Therefore, ordinary care is required to prevent the occurrence of such danger.
In Stovin v Wise, the courts explained that generally there is no duty to rescue a stranger from danger. The duty mentioned above is regarding duty that is imposed by law or in other words, it is a legal duty. Test to determine the standard of duty of care. There are a few test that is used in determining the existence of duty of care. The primary test is the neighbour principle established in the well-known case of Donoghue v Stevenson.
In this case, Lord Atkin laid down that the rule that you are required to love your neighbours becomes a law by itself and it requires one to take a reasonable care to prevent any acts or omissions that can be reasonably foreseen to be likely to cause injury to your neighbour. The question posed to this principle is regarding who is one’s neighbour in law.

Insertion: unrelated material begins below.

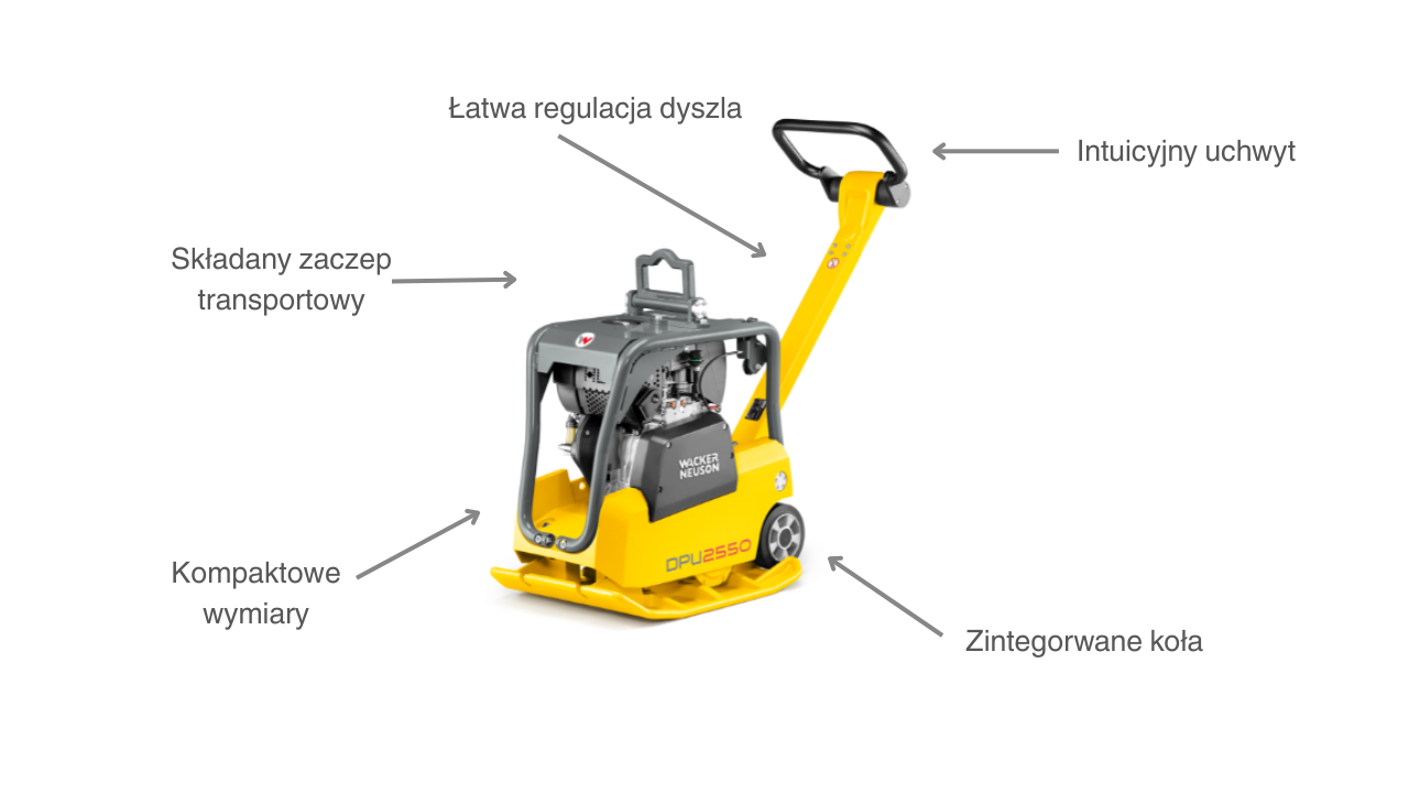 Zagęszczarka dwukierunkowa DPU2550HŚrednie zagęszczarki dwukierunkowe DPU 2550H oferują idealne połączenie wysokiej prędkości jazdy do przodu i do tyłu oraz świetną moc zagęszczania. Zagęszczarki DPU 5260 umożliwiają wydajne oraz precyzyjne zagęszczanie różnych rodzajów i struktur podłoża. Dzięki nowoczesnemu i ergonomicznemu interfejsowi użytkownika DPU5260Hehp zapewniają najwyższy komfort i ułatwiają pracę, co prowadzi do wzrostu wydajności. Liczne funkcje diagnostyczne maszyny dodatkowo ułatwiają serwis i konserwację, zapewniając płynną pracę i długą żywotność maszyny. Stworzyliśmy otwartą płytę dolną, dzięki której czyszczenie i konserwacja są jeszcze łatwiejsze. W wersji DPU 2550H znajdziecie: silnik Hatz, elektryczny rozruch, licznik MTH oraz dodatkowe poszerzenia płyty dolnej. Zagęszczarka dwukierunkowa DPU 2550H model 5000610036 wyposażona jest w:
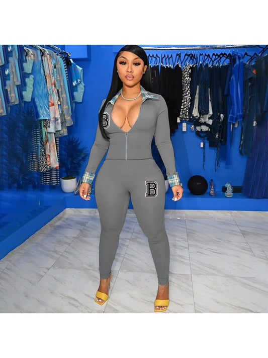 Lässiger karierter Hosenanzug mit Buchstabenmuster für Damen AD445

The courts held that neighbour in law is someone who is directly affected by one’s act or omission.
It is a reasonable man’s test whereby the courts would have to determine whether a reasonable man would foresee that his conduct would affect the plaintiff adversely. If the answer to this hypothetical question is yes, then the plaintiff is considered to be his neighbour and he owes a duty of care to the neighbour. It is essential to note here that the neighbour principle requires the defendant to be a foreseeable victim and thus, in order for the defendant to be a foreseeable victim, there has to be a close proximity. Therefore, the neighbour principle requires the plaintiff to be of a close proximity with the defendant.
The plaintiff would not be a foreseeable victim if there is no proximity between the plaintiff and defendant.
In the case of Home Office v Dorset Yacht Co Ltd, the courts held that the principle laid down in Donoghue v Stevenson should be regarded as a milestone in determining whether there exist a duty of care. This principle significantly assist the development of the law of negligence. Prior to the case of Donoghue v Stevenson, there was vagueness in the law regarding civil liability for carelessness. In an 1889 textbook, there was a list containing fifty-six various duties of care. Therefore, the judgment in Donoghue v Stevenson brought an end to the chaotic situation and had introduced the law of negligence as a separate civil wrong.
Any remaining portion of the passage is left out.